[WORK TO BE COMPLETED]
An exact transcription is needed of the lines below from the one with "从家到县城约两里路,老人不紧" through the one with "Il cappello, adornato", with no other lines and no pictures.

BEGIN INPUT FOR THIS TASK

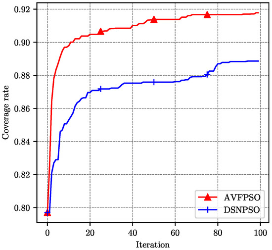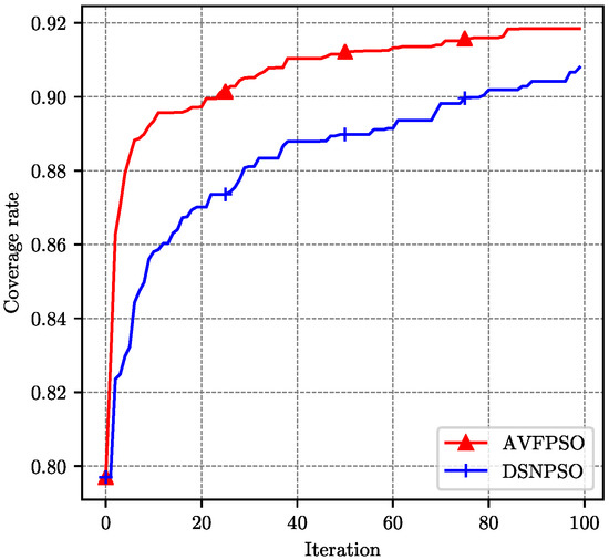 Firstly, the number of particle swarms was set to 10. As shown in Figure 9, the coverage implemented by AVFPSO algorithm was higher than that of DSNPSO algorithm in the whole iteration running interval. The AVFPSO algorithm also converged faster. Then we increased the number of particle swarms to 20. As shown in Figure 10, similarly to the previous results, the AVFPSO algorithm was still better than DSNPSO in terms of overall coverage performance and algorithm convergence. In the case of a larger particle swarm, the gap between the two was slightly larger than before. By comparing the AVFPSO algorithm with 10 particles and the DSNPSO algorithm with 20 particles, it can be observed that the performance of AVFPSO algorithm was still better than that of DSNPSO algorithm, even if the number of particle swarms was small. It means that the AVFPSO algorithm can get a faster search speed with the aid of virtual force algorithm.
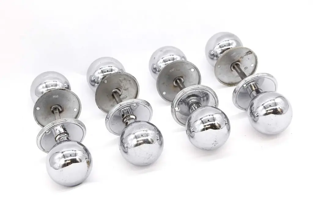 Set Of 4 Vintage Modern Chrome Ball Shaped Round Door Knob Sets
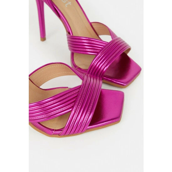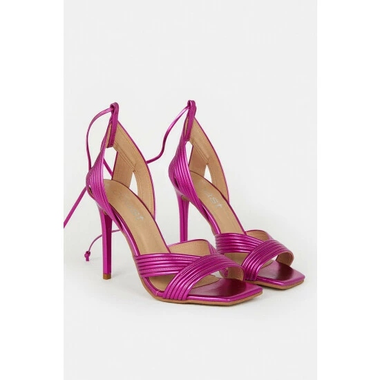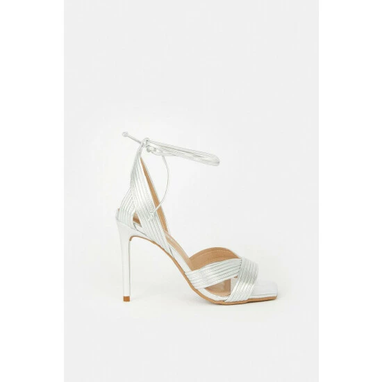 Style: Strappy HeelsDesign: PlainFabric: Metallic
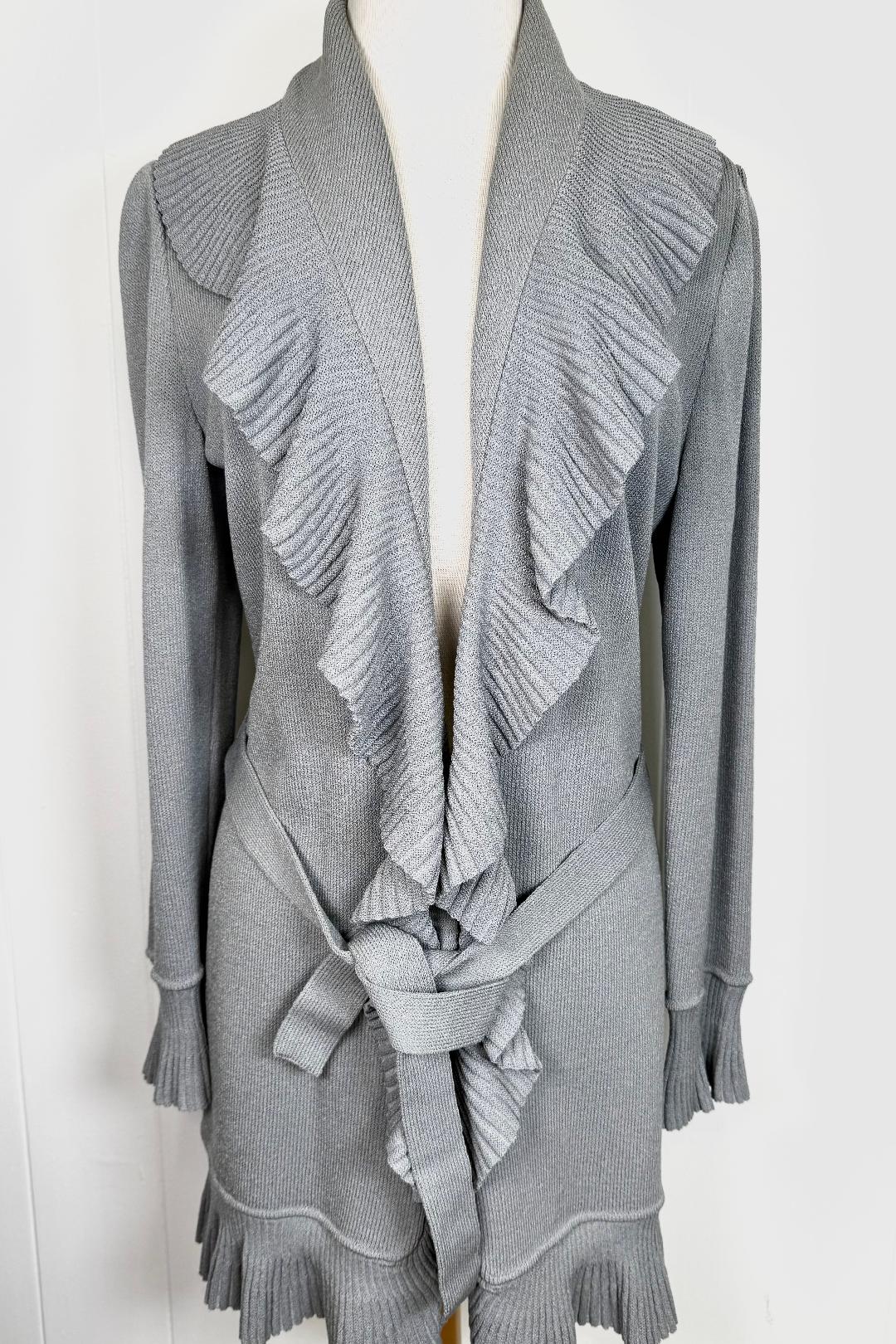 St. John Light Grey Santana Knit Ruffled Kelly Coat – Belted – Size 12
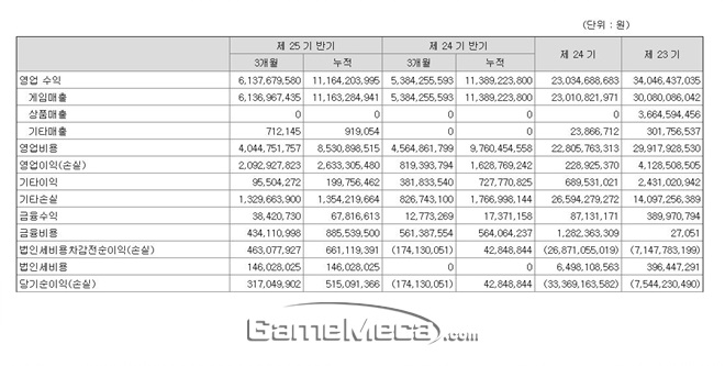 매출액은 전년 동기 대비 113억 원에서 2억 원 감소한 수치지만 영업이익은 16억 원이었던 전년 동기에서 10억 원 올랐다. 또 당기순이익은 4000만 원이었던 전년 동기에 비해 크게 올랐다.
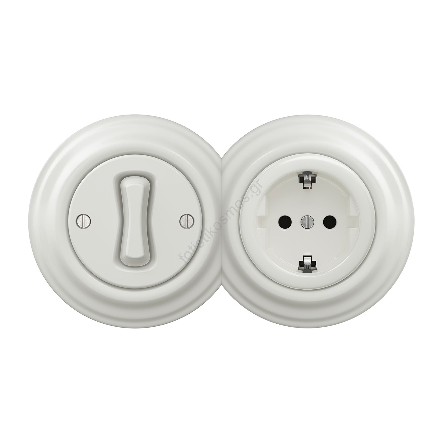 • Kliklap - Ρετρό μονοπολικός διακόπτης αρ. 1 και πρίζα SCHUKO 230V με λευκό κεραμικό πλαίσιο
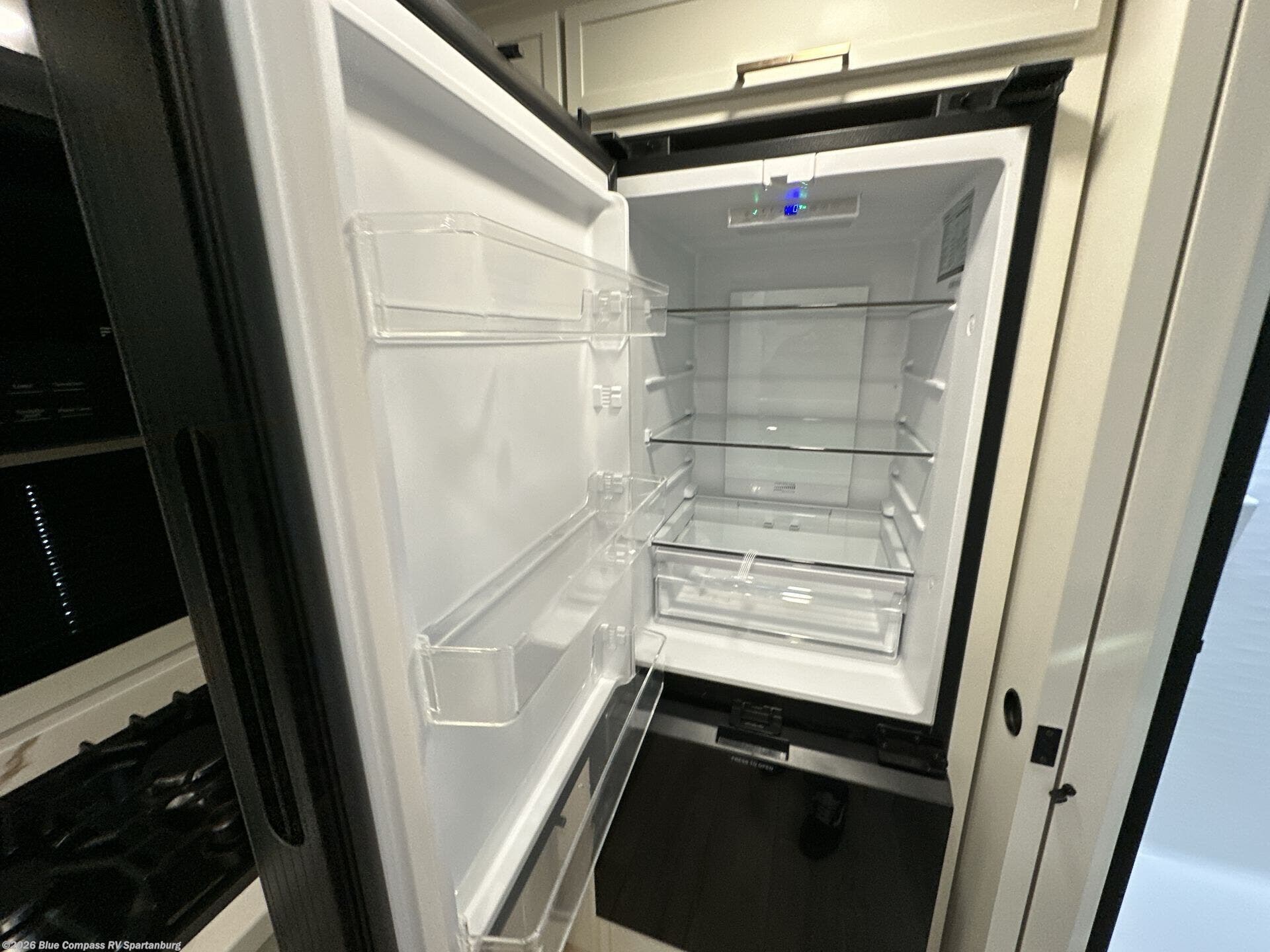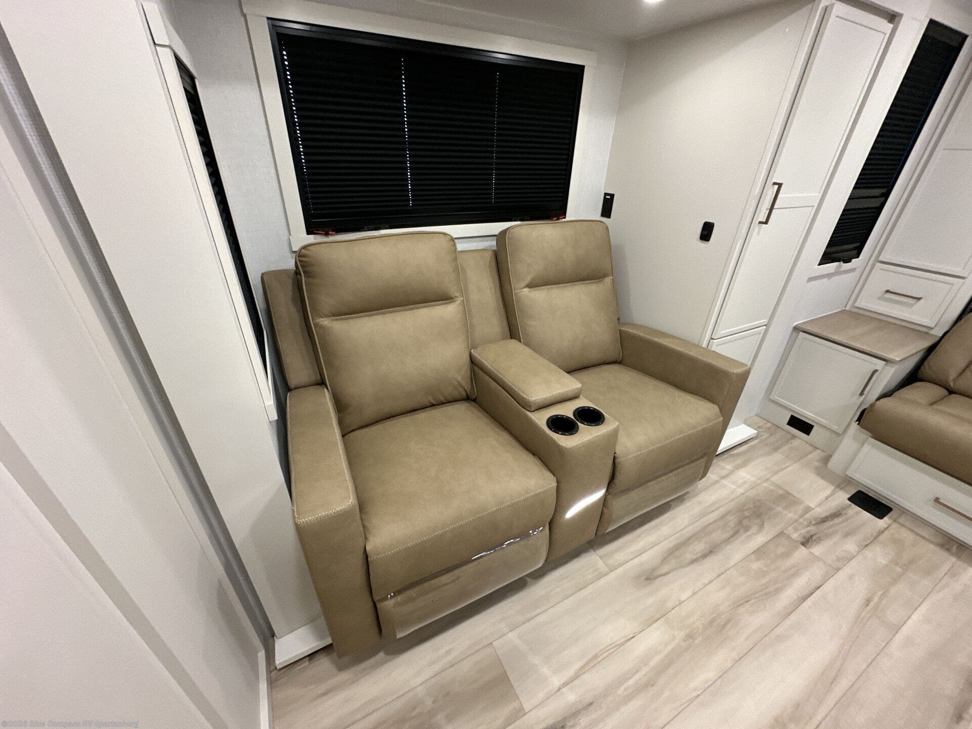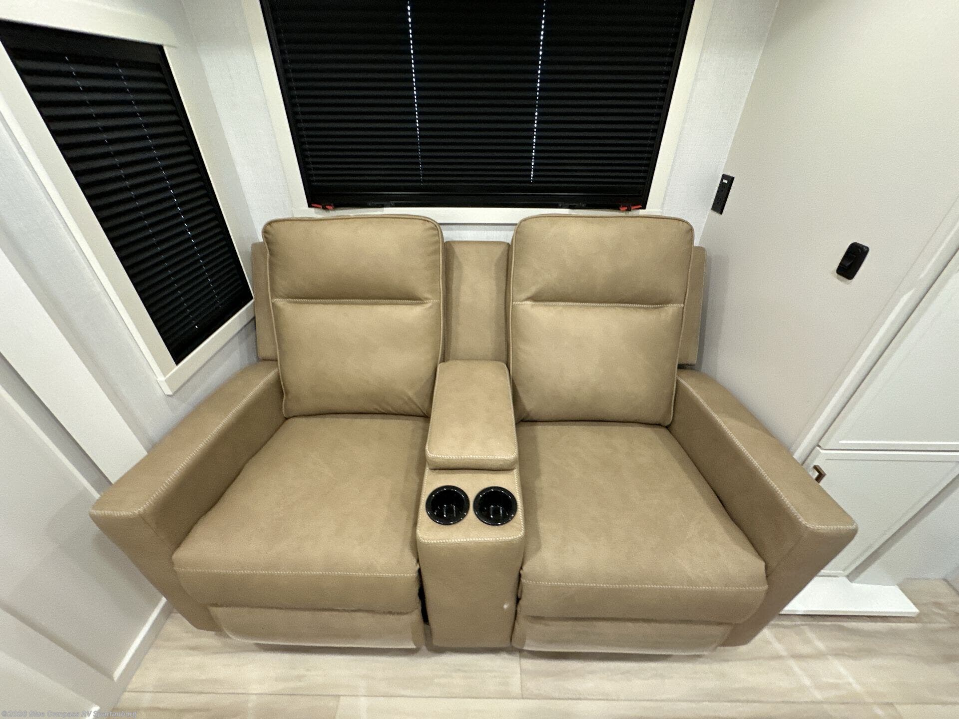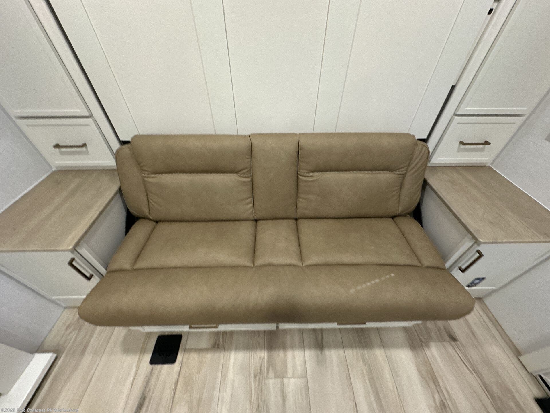 This is the perfect travel trailer for the couple looking for comfort at the campground! Once you've unloaded the pass-thru storage, you can put out the 16' patio awning and relax in your camp chairs. Head inside to make lunch in the fully equipped kitchen that includes a three-burner range, 30" convection microwave, and dishwasher prep. There is a pantry with outlets within the large slide out, along with a 10-cu. ft. refrigerator, plus theater seating across from the TV. And if you need sleeping space for guests, just choose the optional tri-fold sofa in place of the theater seating! You'll appreciate the front sofa plus a Feather-Lift bed system, providing seating space during the day and sleeping space at night! A pull-out table with a drawer provides a place to dine together, and a full bath on board will let you freshen up each day.
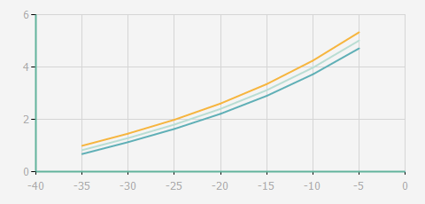 | 蒸發溫度 | 制冷量+/-5% | 能耗+/-5% | 現在能效+/-5% | 氣體流速+/-5% | 能效+/-7% | ||||
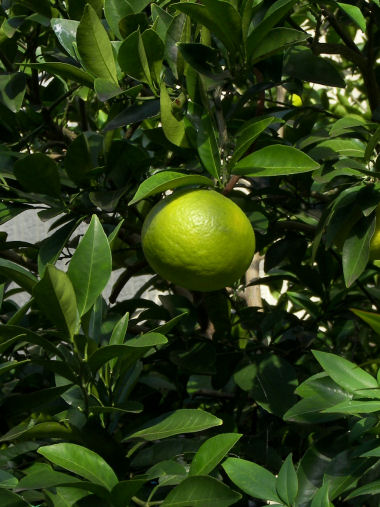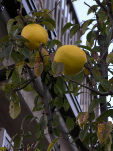 写真はマルメロ?の実。散歩途中の家の庭から顔をのぞかせている。最初は実の大きさから夏ミカン?にしては色づきが早いなぁと思って見上げていたが、どうも葉っぱも違う。色・形からするとマルメロだろうと思うんだけど自信はない。
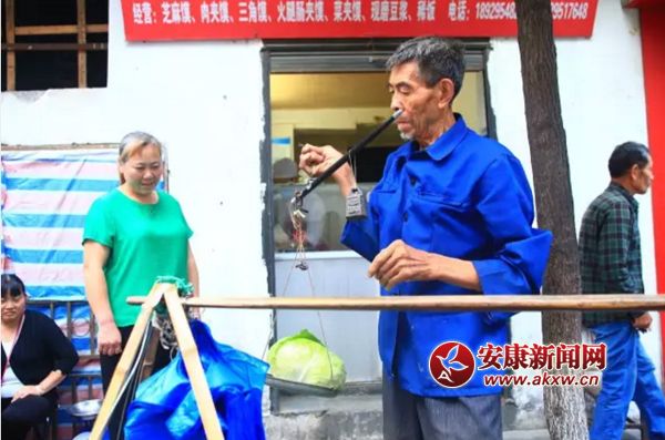 从家到县城约两里路,老人不紧不慢的走着。到达县城时,县城周边卖菜的群众或推着手推车,或骑着三轮车纷纷赶往菜市场。老人担着两竹筐菜走在街头,不时有人前来挑挑拣拣、讨价还价。
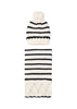 Il cappello, adornato da una vivace fantasia a righe, è impreziosito da un grazioso pon pon che aggiunge un tocco giocoso e alla moda. La sciarpa, abbinata, sfoggia lo stesso motivo a righe e un delicato ricamo che cattura l'attenzione con eleganza e originalità.
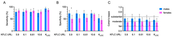 The ability of different indices of free kappa light chains (KFLC) to identify the diagnosis of multiple sclerosis was assessed. Sensitivity (A), specificity (B), and agreement (C) were evaluated for each parameter in the sex-disaggregated population. Abbreviations: URL—Uniform Resource Locator; fair agreement—range from 0.21 to 0.40; moderate agreement—range from 0.41 to 0.60; substantial agreement—range from 0.61 to 0.80. Fisher’s exact test was used to compared sensibility and specificity between males and females. *: p = 0.0451.

END INPUT FOR THIS TASK

[YOUR RESPONSE]
 从家到县城约两里路,老人不紧不慢的走着。到达县城时,县城周边卖菜的群众或推着手推车,或骑着三轮车纷纷赶往菜市场。老人担着两竹筐菜走在街头,不时有人前来挑挑拣拣、讨价还价。
 Il cappello, adornato da una vivace fantasia a righe, è impreziosito da un grazioso pon pon che aggiunge un tocco giocoso e alla moda. La sciarpa, abbinata, sfoggia lo stesso motivo a righe e un delicato ricamo che cattura l'attenzione con eleganza e originalità.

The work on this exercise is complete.